FIG. 7 shows a first embodiment of the inventive calculating unit 20 that
implements the described functions of a neural structure. Each layer of
neurons according to FIG. 4 through FIG. 6 corresponds to one of three
calculating modules 30, 32 and 34. The first calculating module 30
receives the input values of the neural structure via the input signal 24;
the third calculating module 34 emits the calculated results value as the
result signal 26. Intermediate memories 40 and 42 are arranged between the
calculating modules 30, 32 and 34, the intermediate results being
forwarded via said intermediate memories from one to the next calculating
module 30, 32 and 34. The events of the third calculating module 34 are
fed back via a feedback intermediate memory 44 to the input of the second
calculating module 32, if permitted by the neural structure on which the
calculating unit 20.
Respective parameter memories 50, 52 and 54 allocated to each of the
calculating modules 30, 32 and 34. Internal intermediate results of the
calculating modules 30, 32 or 34 can be stored in these memories, which
also contain configuration parameters for the sub-function realized by the
allocated calculating module 30, 32 or 34. In particular, these parameters
are the weighting factors g.sub.i of the neurons N and the characteristic
quantities or characteristics for the further signal processing in the
neurons N. It is also possible to describe the networking structure of the
excerpt of the neural structure realized by the calculating modules 30, 32
or 34 using modifiable configurations parameters. For configuration of the
neural structure, the parameter memories 50, 52 or 54 can be defined with
external configuration parameters via a parameter input 56.
A parameter matching module 60 is supplied with the event signal 26 and is
connected to the parameter memories 50, 52 and 54. A main memory 62 that
can be defined via an external input 66 is allocated to the parameter
matching module 60.
The parameter matching module 60 contains the actual learning function of
the neural structure. According, for example, to the algorithm described
below, it determines adapted configuration parameters and writes these
into the parameter memories 50, 52 and 54. The training event can ensue
during the on-going operation of the hearing aid, or only during an
initial matching and optimization phase, or only in the development of the
hearing aid by the manufacturer. In the two latter instances, the
parameter matching module 60 in the hearing aid worn by the ultimate
consumer can be eliminated or deactivated.
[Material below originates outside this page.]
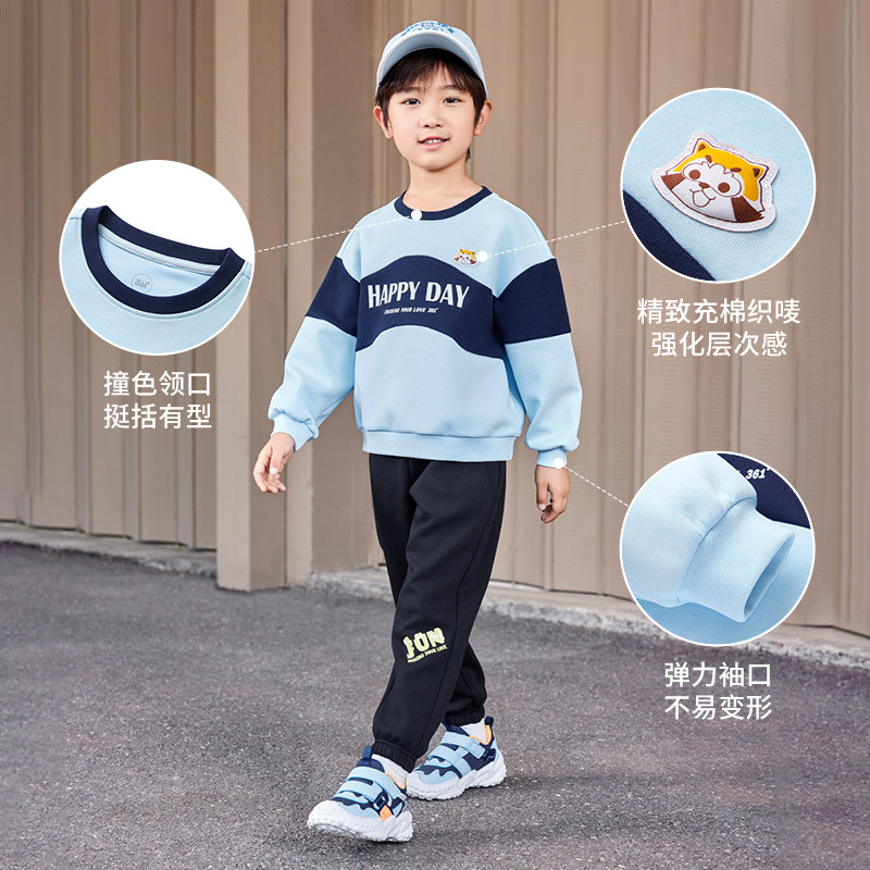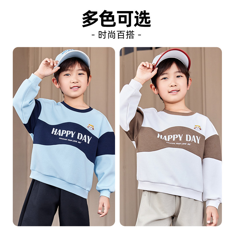 361男童圆领卫衣撞色新品2025秋春印花上衣中小童套头衫N52534301

The identified configuration
parameters are then stored permanently in the hearing aid; for example,
they are programmed into the parameter memories 50, 52 and 54, fashioned
as EEPROMs, via the parameter input 56.
Two types of training are fundamentally distinguished, namely
non-supervised training and supervised training. Non-supervised training
occurs according to a predetermined matrix only upon evaluation of the
event signal 26 of the neural structure realized by the calculating unit
20. For example, the neural structure can be trained to generate event
signals 26 lying as far apart as possible for different auditory
situations in order to separate the auditory situations from one another.
In supervised training, the parameter matching module 60 evaluates a
desired target reply in addition to the event signal 26, this desired
target reply being applied directly to the parameter matching module 60
via a target reply input 64; the parameter matching module 60 also
evaluates control signals of the control module 70. This evaluation
ensues, for example, according to the algorithm described below. The
desired target replies are determined during the training process. For
example, they can be entered via an external auxiliary means by the
hearing aid user during an initial optimization phase. The hearing aid
user thereby preferably selects the desired target reply the user
considers optimum from among a number of predetermined test target replies
that are respectfully supplied directly to the amplifier and transmission
circuit 10 via a suitable switch means instead of the event signal 26.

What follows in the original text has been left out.